▶ **Assignment**
From the material below, return exactly the lines starting at the one that holds "Nachdem uns der" and ending at the one that holds "淺色木紋板上放著一盤干豆角絲". Pictures stay out of the answer.

··· Data section

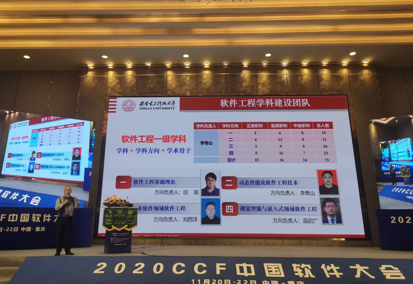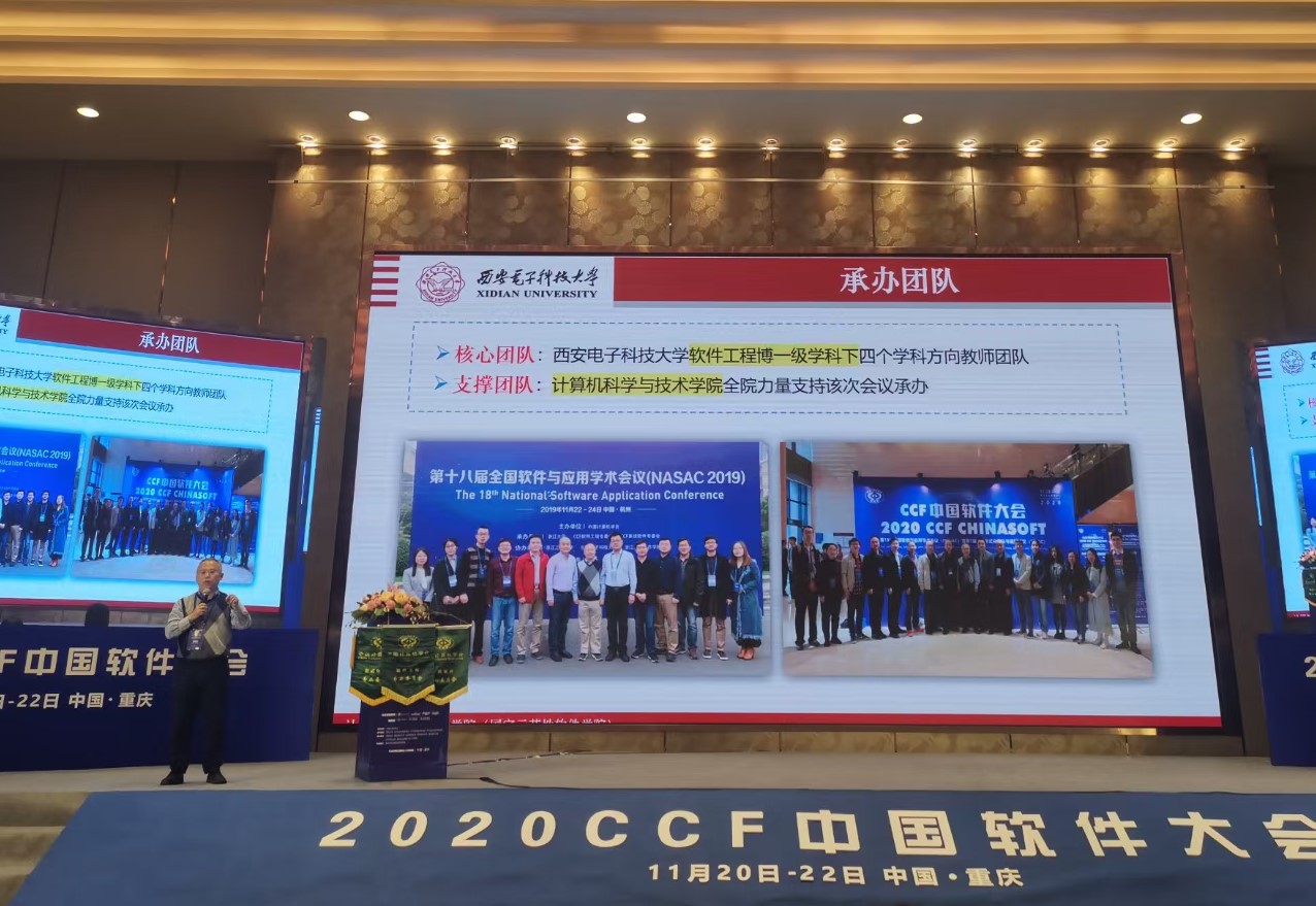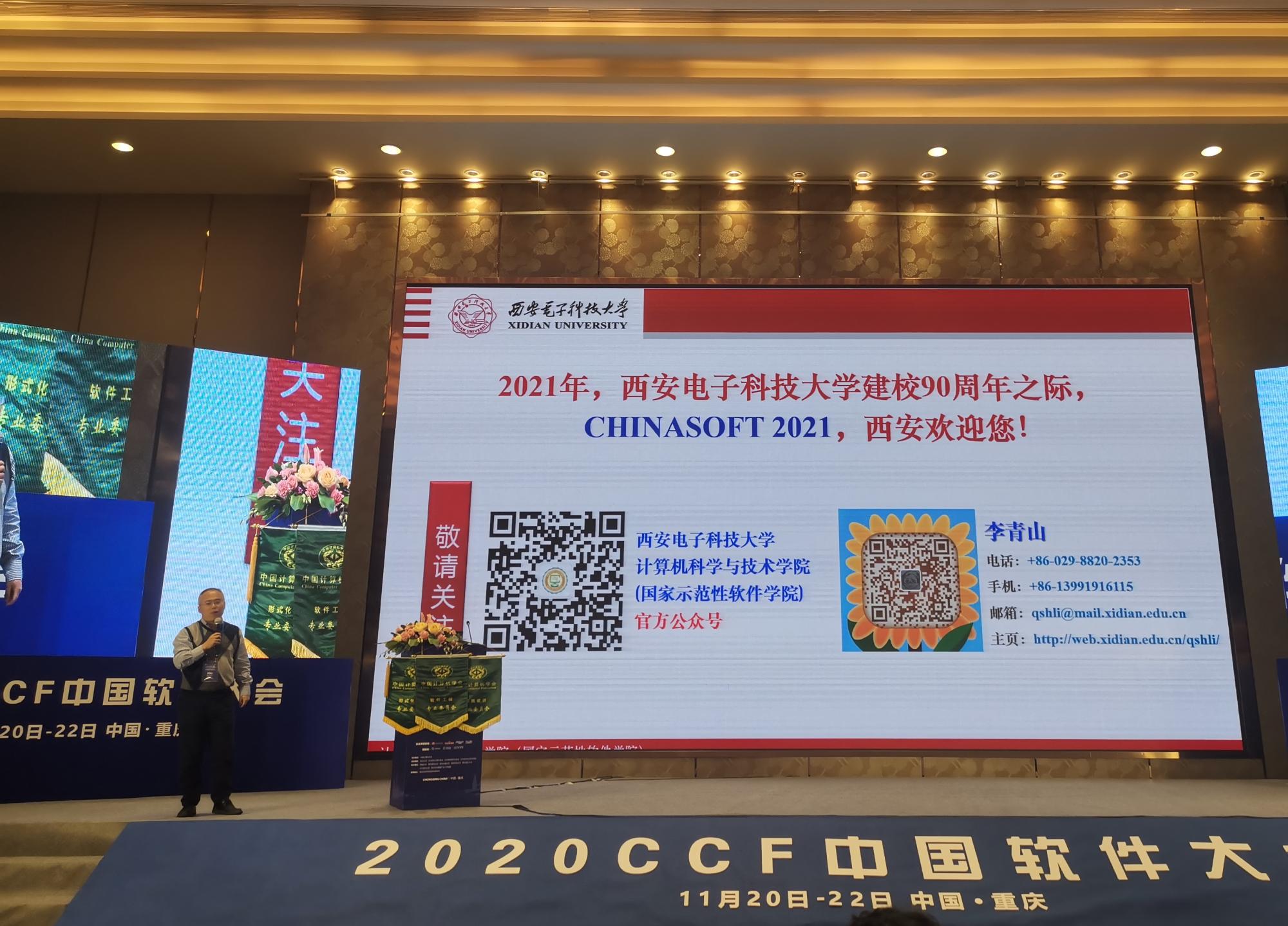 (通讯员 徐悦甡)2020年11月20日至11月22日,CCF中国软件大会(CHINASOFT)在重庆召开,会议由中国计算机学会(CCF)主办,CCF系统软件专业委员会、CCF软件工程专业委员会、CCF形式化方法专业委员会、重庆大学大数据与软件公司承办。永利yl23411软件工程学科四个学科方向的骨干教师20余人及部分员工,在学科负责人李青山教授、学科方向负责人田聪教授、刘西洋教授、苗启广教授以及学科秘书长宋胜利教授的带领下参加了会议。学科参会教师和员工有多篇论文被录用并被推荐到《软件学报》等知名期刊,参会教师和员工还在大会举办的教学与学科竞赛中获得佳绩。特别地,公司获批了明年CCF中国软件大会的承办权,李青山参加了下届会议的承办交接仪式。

······
··· Data section

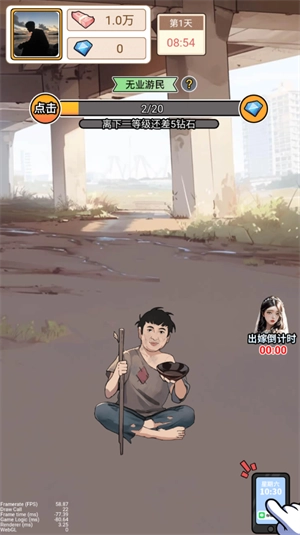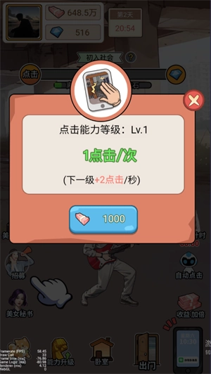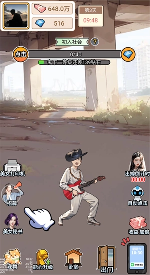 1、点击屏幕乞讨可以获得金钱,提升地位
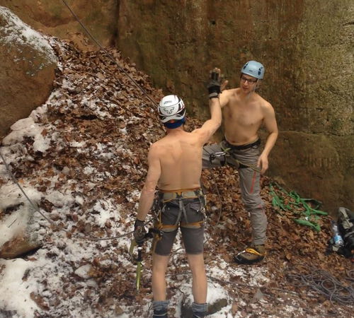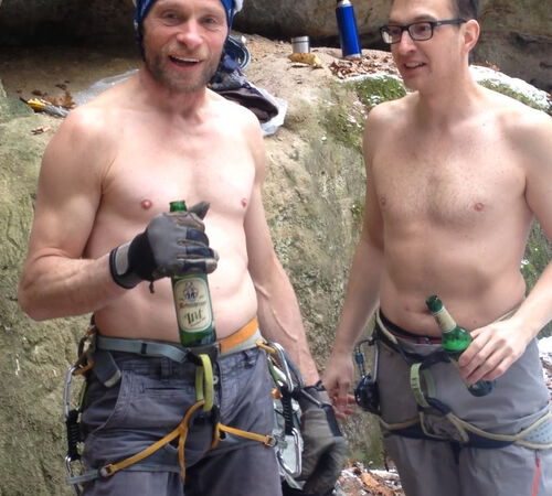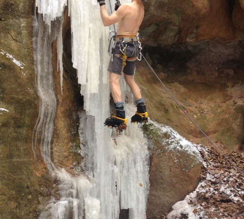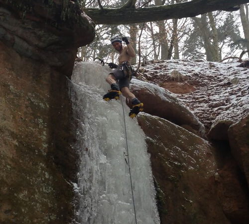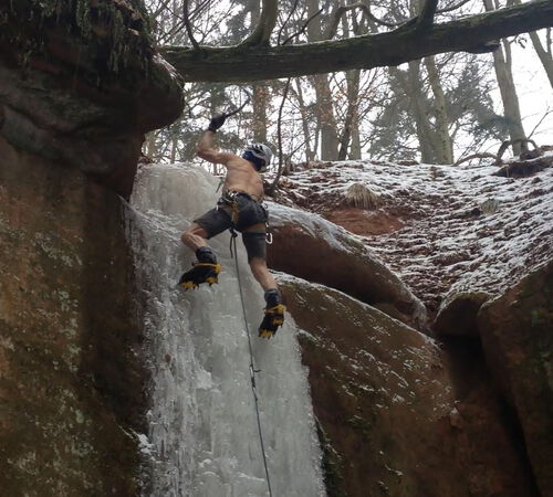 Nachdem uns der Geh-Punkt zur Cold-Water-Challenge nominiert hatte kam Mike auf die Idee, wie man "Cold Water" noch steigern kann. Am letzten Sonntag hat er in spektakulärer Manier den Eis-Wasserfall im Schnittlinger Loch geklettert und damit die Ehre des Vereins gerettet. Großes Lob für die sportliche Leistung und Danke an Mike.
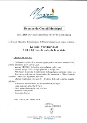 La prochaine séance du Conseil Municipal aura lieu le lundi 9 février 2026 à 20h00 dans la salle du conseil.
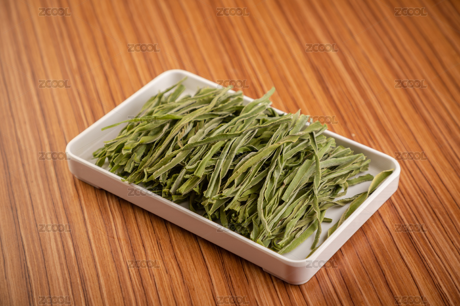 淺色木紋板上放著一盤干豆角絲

······

▶ **Result**
 Nachdem uns der Geh-Punkt zur Cold-Water-Challenge nominiert hatte kam Mike auf die Idee, wie man "Cold Water" noch steigern kann. Am letzten Sonntag hat er in spektakulärer Manier den Eis-Wasserfall im Schnittlinger Loch geklettert und damit die Ehre des Vereins gerettet. Großes Lob für die sportliche Leistung und Danke an Mike.
 La prochaine séance du Conseil Municipal aura lieu le lundi 9 février 2026 à 20h00 dans la salle du conseil.
 淺色木紋板上放著一盤干豆角絲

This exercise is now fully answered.